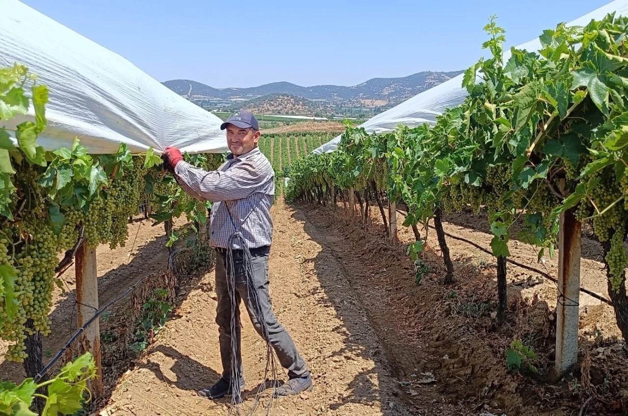 Sarıgöl’de örtü altına alınan üzüm bağları, dolu, aşırı güneş, iri yağmur, çiğ ve kırağı gibi doğa olaylarına karşı koruma altına alınmış oluyor.
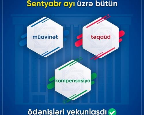 Sentyabr ayı üzrə bütün müavinət, təqaüd və kompensasiyaların ödənişi həyata keçirilib 24 Sentyabr 2021 14:31
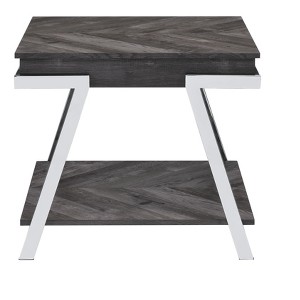 Silvershield? Tops give realistic wood look while resisting stains and scratchesConstructed of chrome with Silvershield? tops and engineered woodsSilvershield? Tops give realistic wood look while resisting stains and scratchesStyling details include rustic appearance combined with canted chrome legs, simulated chevron veneer patternBottom shelf offers space for storage or display
━━━━━━━━━━━━━━━━━━━━
▶ Requirement: Give back, exactly as written, the lines from the top of the material above to the line containing "Sentyabr ayı üzrə", both included; skip every picture.

▶ Expected output:
 Sarıgöl’de örtü altına alınan üzüm bağları, dolu, aşırı güneş, iri yağmur, çiğ ve kırağı gibi doğa olaylarına karşı koruma altına alınmış oluyor.
 Sentyabr ayı üzrə bütün müavinət, təqaüd və kompensasiyaların ödənişi həyata keçirilib 24 Sentyabr 2021 14:31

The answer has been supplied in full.